--- Work instructions ---
Take the listing below and output it exactly, with no images.
****************
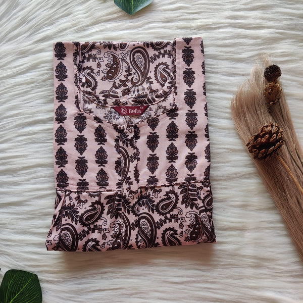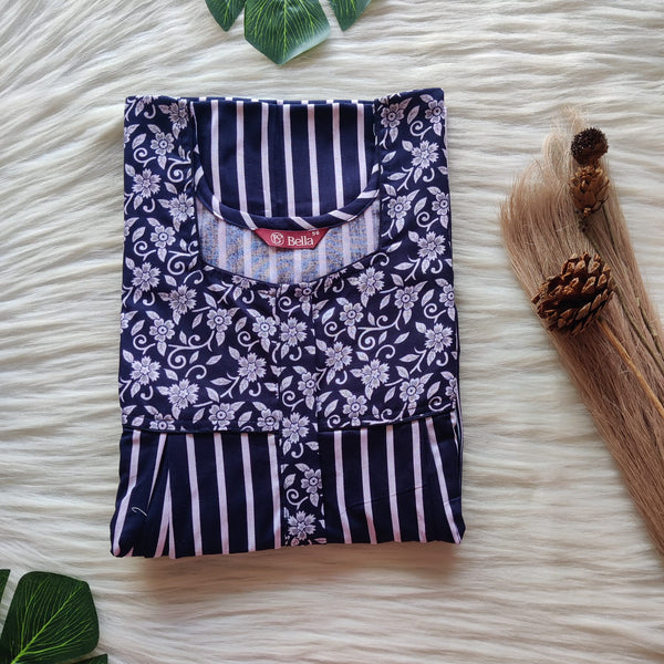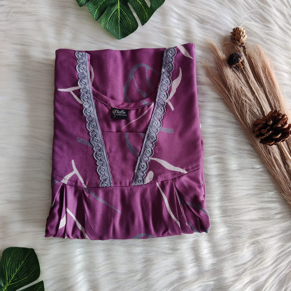 Wine Printed Alfine Two Side Vertical Zip Lace Nighty | Free Size | Chest Width 44″ | Length 56″
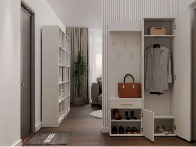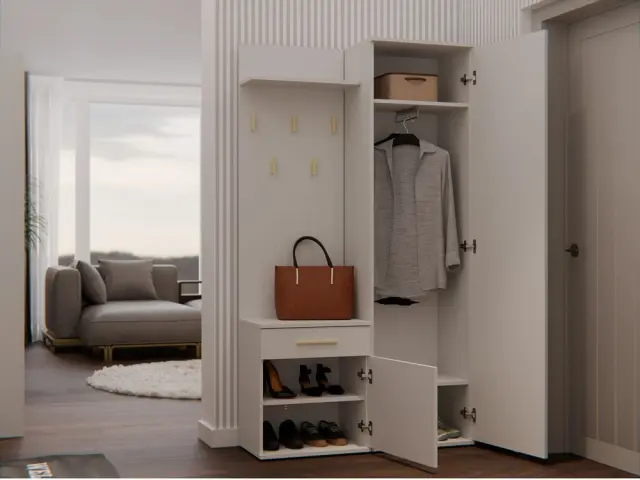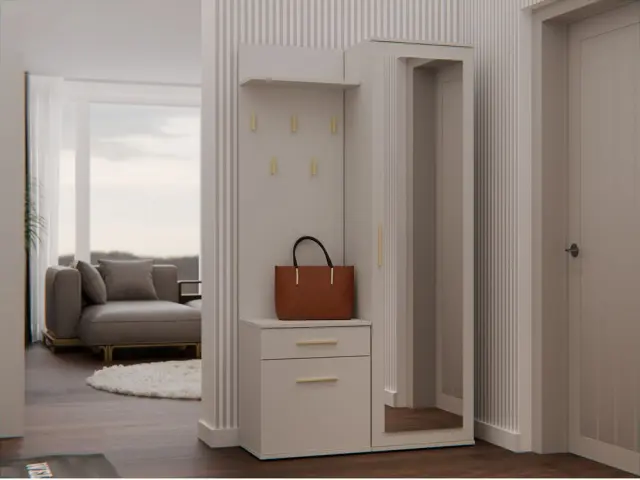 • Omaro z ogledalom, omarico in obešalnik lahko namestite blizu drug drugega ali jih odmaknete.
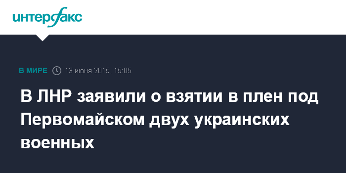 Москва. 13 июня. INTERFAX.RU - Бойцы народной милиции самопровозглашенной Луганской народной республики захватили двух украинских военных, сообщают в ЛНР.
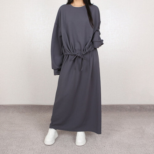 파라노말샵 / (투피스) 5색 고슬 리버 스트링 긴팔티 롱스커트 세트
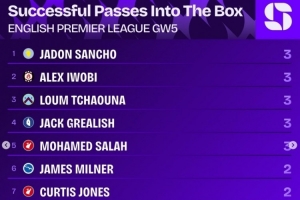 体育资讯9月24日讯 英超第5轮战罢,squawkafootball列各项数据排行,桑乔等5名球员3次成功将球传入禁区,为本轮联赛最多。
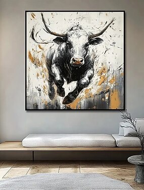 Картина маслом ручной работы, акриловый холст, настенное искусство, украшение для дома, картина маслом с изображением животного, черно-белый бегущий бык, для домашнего офиса, отеля, клуба, декора,
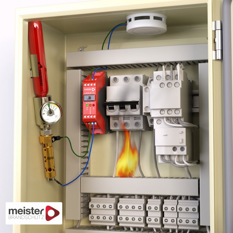 Die AMFE Löschanlage bietet zuverlässigen und kostengünstigen Brandschutz für Ihren Schaltschrank, Elektroverteiler sowie elektrische Anlagen!
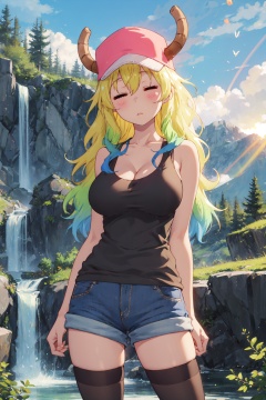 <lora:Quetzalcoatl-000019:0.8>,Lcoa CYQL,1girl,looking at viewer,solo,dragon girl,long hair,blonde hair,green hair,multicolored hair,gradient hair,horns through headwear,dragon horns,hat,pink headwear,closed eyes,**** top,black **** top,breasts,large breasts,cleavage,shorts,denim shorts,thighhighs,black thighhighs,denim,blue shorts,female_orgasm,bust,Within a mountain ravine, a waterfall plunges like a white silk ribbon, its roar deafening. Mist sprays everywhere, creating rainbows as sunlight pierces through the droplets, shimmering with a spectrum of colors,(Exotic plants, Botanical specimens, Glass conservatory, Evening glow, Tropical flora, Controlled environment:0.5),beautiful detailed sky,beautiful detailed glow,posing in front of a colorful and dynamic background,masterpiece,best quality,beautiful and aesthetic,contrapposto,female focus,wallpaper,
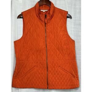 Talbots Diamond Quilted Vest Orange 100% Polyester Lined Sz Petite Large
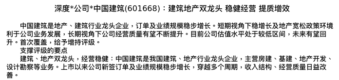 值得注意的是:2024年03月中银证券的陈浩武分析师,首次发布关于中国建筑的研究报告,标题为:深度*公司*中国建筑(601668):建筑地产双龙头 稳健经营 提质增效。
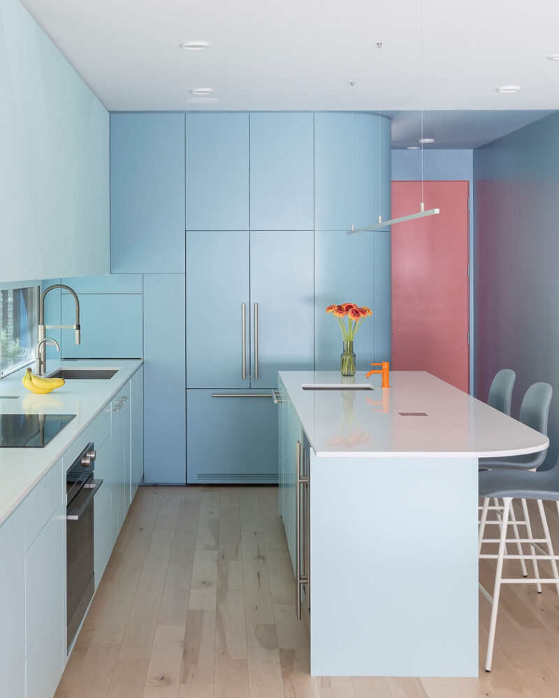 Inside the Fluevog House, the team at MA+HG Architecture continues its dialogue between convention and creative expression. The entry is marked by a blue foyer leading to a vividly patterned powder room, wrapped in custom wallpaper that nods to the client’s footwear brand. The kitchen is rendered in fluted millwork and anchored by a continuous window backsplash, which introduces daylight while maintaining privacy from the street.
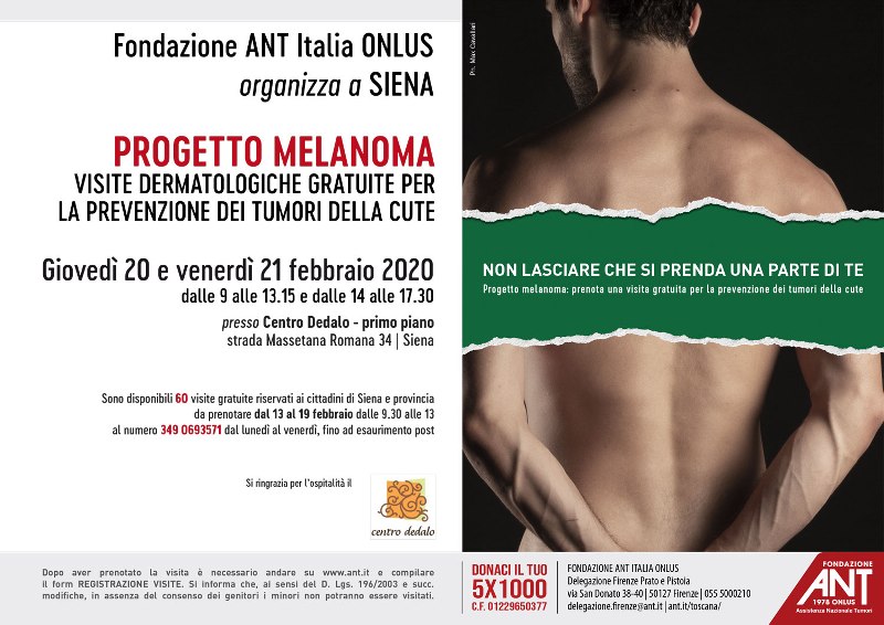 Con l’inizio del nuovo anno, Fondazione ANT porta nuovamente a Siena il Progetto Melanoma ANT. Con il PROGETTO MELANOMA, Fondazione ANT offre visite dermatologiche con l’ausilio della dermatoscopia per la diagnosi tempestiva di lesioni sospette e/o neoplastiche, ai cittadini. Il progetto si colloca nell’ambito delle campagne di prevenzione oncologica gratuita che Fondazione ANT ha attivato in tutta Italia fin dal 2004 e in Toscana a partire dal 2007.
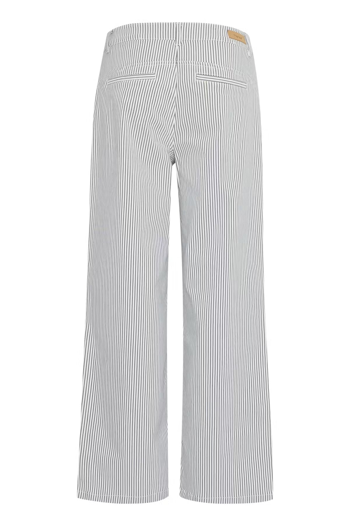 Striped wide leg trousers offer a modern straight fit with a full-length silhouette. Subtle vertical stripes, side pockets, and button fastening bring a clean, streamlined look.
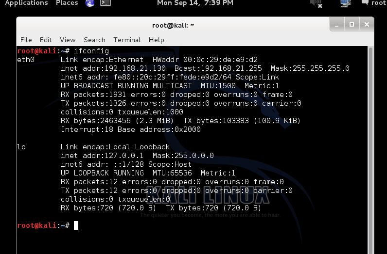 - Open Terminal in kaliLinux; we need to find the name of our network adapter or the interface that we use to connect to the target network: type ifconfig and click “Enter” as showed below;
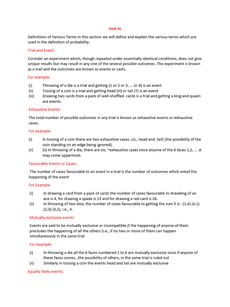 (i) In tossing an unbiased or uniform coin, head or tail are equally likely events.
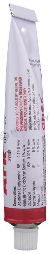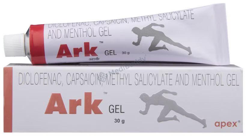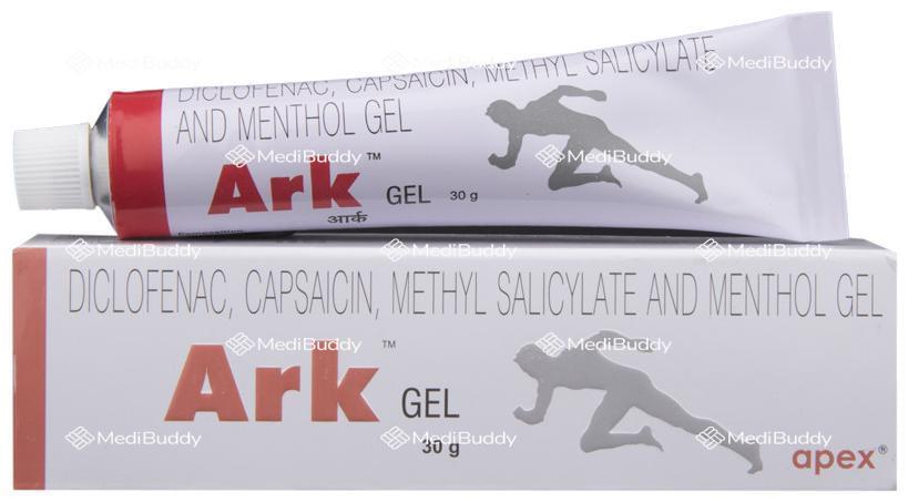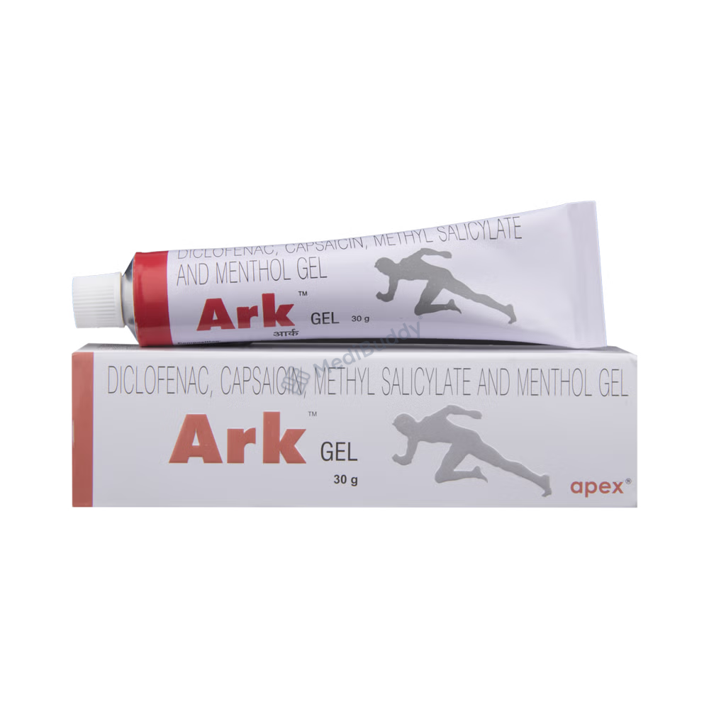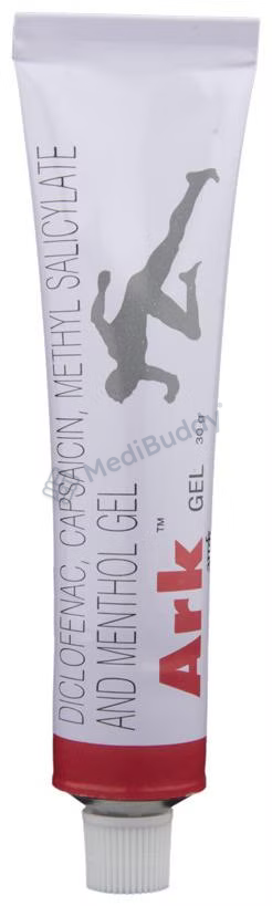 Ark Gel is a topical medication used to relieve pain associated with muscle or joint injuries such as sprains, strains, sports injuries, rheumatoid arthritis, and osteoarthritis. It comes in a gel form and contains key ingredients such as Diclofenac, Capsaicin, Methyl Salicylate, and Menthol.
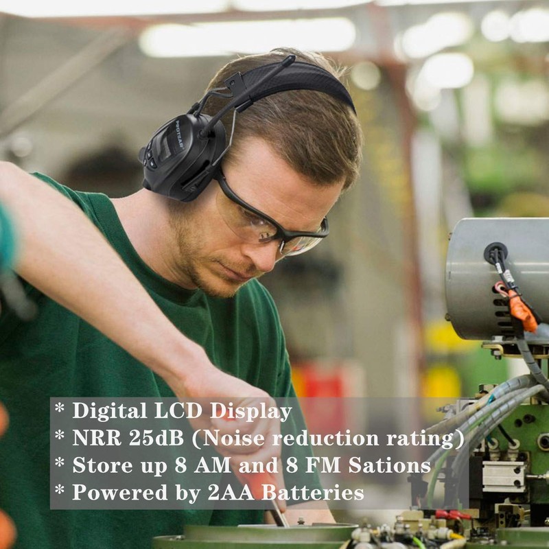 - ๐ง ๐๐๐๐ข๐จ ๐๐ง๐ ๐๐ซ๐๐ฌ๐๐ญ - โDigital AM/FM Radio tuning with easy-to-see & easy-to-use LCD display; โGreat radio reception allows you to seek and scan stations easily. โFunctions of preset and memory up to 8 AM and 8 FM stations for quick access to your favorite programs. โYou could adjust volume by switching the volume control knob. And you also could adjust volume by the audio device when you connect the earmuff to them by MP3 cord (Included).
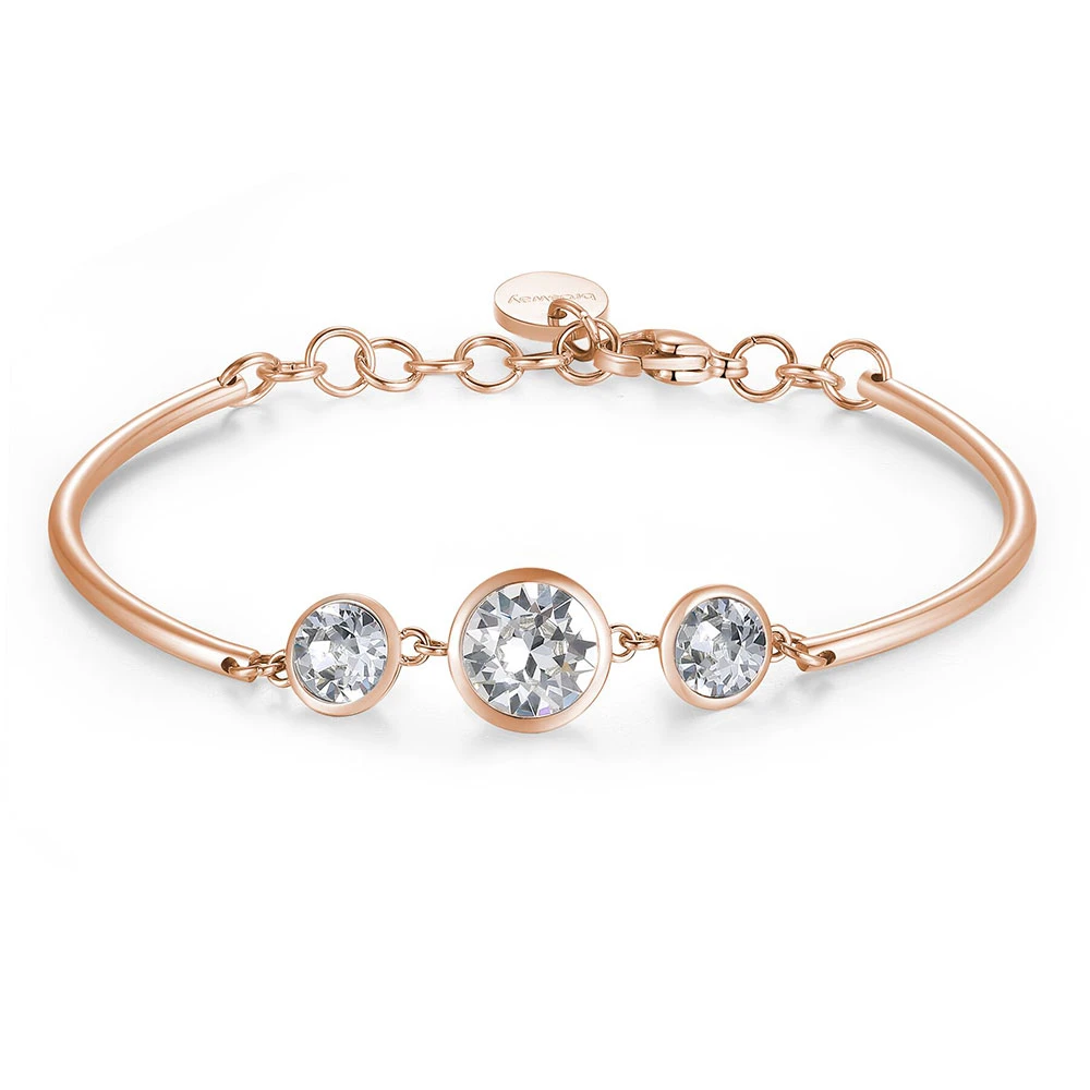 Dámský náramek z chirurgické oceli 316L. Krásný náramek zdobený třemi zářivými krystaly z kolekce Chakra. Leštěný povrch náramku je pozlacený technologií PVD. Vnitřní průměr náramku 65mm.
****************
--- Result ---
 Wine Printed Alfine Two Side Vertical Zip Lace Nighty | Free Size | Chest Width 44″ | Length 56″
 • Omaro z ogledalom, omarico in obešalnik lahko namestite blizu drug drugega ali jih odmaknete.
 Москва. 13 июня. INTERFAX.RU - Бойцы народной милиции самопровозглашенной Луганской народной республики захватили двух украинских военных, сообщают в ЛНР.
 파라노말샵 / (투피스) 5색 고슬 리버 스트링 긴팔티 롱스커트 세트
 体育资讯9月24日讯 英超第5轮战罢,squawkafootball列各项数据排行,桑乔等5名球员3次成功将球传入禁区,为本轮联赛最多。
 Картина маслом ручной работы, акриловый холст, настенное искусство, украшение для дома, картина маслом с изображением животного, черно-белый бегущий бык, для домашнего офиса, отеля, клуба, декора,
 Die AMFE Löschanlage bietet zuverlässigen und kostengünstigen Brandschutz für Ihren Schaltschrank, Elektroverteiler sowie elektrische Anlagen!
 <lora:Quetzalcoatl-000019:0.8>,Lcoa CYQL,1girl,looking at viewer,solo,dragon girl,long hair,blonde hair,green hair,multicolored hair,gradient hair,horns through headwear,dragon horns,hat,pink headwear,closed eyes,**** top,black **** top,breasts,large breasts,cleavage,shorts,denim shorts,thighhighs,black thighhighs,denim,blue shorts,female_orgasm,bust,Within a mountain ravine, a waterfall plunges like a white silk ribbon, its roar deafening. Mist sprays everywhere, creating rainbows as sunlight pierces through the droplets, shimmering with a spectrum of colors,(Exotic plants, Botanical specimens, Glass conservatory, Evening glow, Tropical flora, Controlled environment:0.5),beautiful detailed sky,beautiful detailed glow,posing in front of a colorful and dynamic background,masterpiece,best quality,beautiful and aesthetic,contrapposto,female focus,wallpaper,
 Talbots Diamond Quilted Vest Orange 100% Polyester Lined Sz Petite Large
 值得注意的是:2024年03月中银证券的陈浩武分析师,首次发布关于中国建筑的研究报告,标题为:深度*公司*中国建筑(601668):建筑地产双龙头 稳健经营 提质增效。
 Inside the Fluevog House, the team at MA+HG Architecture continues its dialogue between convention and creative expression. The entry is marked by a blue foyer leading to a vividly patterned powder room, wrapped in custom wallpaper that nods to the client’s footwear brand. The kitchen is rendered in fluted millwork and anchored by a continuous window backsplash, which introduces daylight while maintaining privacy from the street.
 Con l’inizio del nuovo anno, Fondazione ANT porta nuovamente a Siena il Progetto Melanoma ANT. Con il PROGETTO MELANOMA, Fondazione ANT offre visite dermatologiche con l’ausilio della dermatoscopia per la diagnosi tempestiva di lesioni sospette e/o neoplastiche, ai cittadini. Il progetto si colloca nell’ambito delle campagne di prevenzione oncologica gratuita che Fondazione ANT ha attivato in tutta Italia fin dal 2004 e in Toscana a partire dal 2007.
 Striped wide leg trousers offer a modern straight fit with a full-length silhouette. Subtle vertical stripes, side pockets, and button fastening bring a clean, streamlined look.
 - Open Terminal in kaliLinux; we need to find the name of our network adapter or the interface that we use to connect to the target network: type ifconfig and click “Enter” as showed below;
 (i) In tossing an unbiased or uniform coin, head or tail are equally likely events.
 Ark Gel is a topical medication used to relieve pain associated with muscle or joint injuries such as sprains, strains, sports injuries, rheumatoid arthritis, and osteoarthritis. It comes in a gel form and contains key ingredients such as Diclofenac, Capsaicin, Methyl Salicylate, and Menthol.
 - ๐ง ๐๐๐๐ข๐จ ๐๐ง๐ ๐๐ซ๐๐ฌ๐๐ญ - โDigital AM/FM Radio tuning with easy-to-see & easy-to-use LCD display; โGreat radio reception allows you to seek and scan stations easily. โFunctions of preset and memory up to 8 AM and 8 FM stations for quick access to your favorite programs. โYou could adjust volume by switching the volume control knob. And you also could adjust volume by the audio device when you connect the earmuff to them by MP3 cord (Included).
 Dámský náramek z chirurgické oceli 316L. Krásný náramek zdobený třemi zářivými krystaly z kolekce Chakra. Leštěný povrch náramku je pozlacený technologií PVD. Vnitřní průměr náramku 65mm.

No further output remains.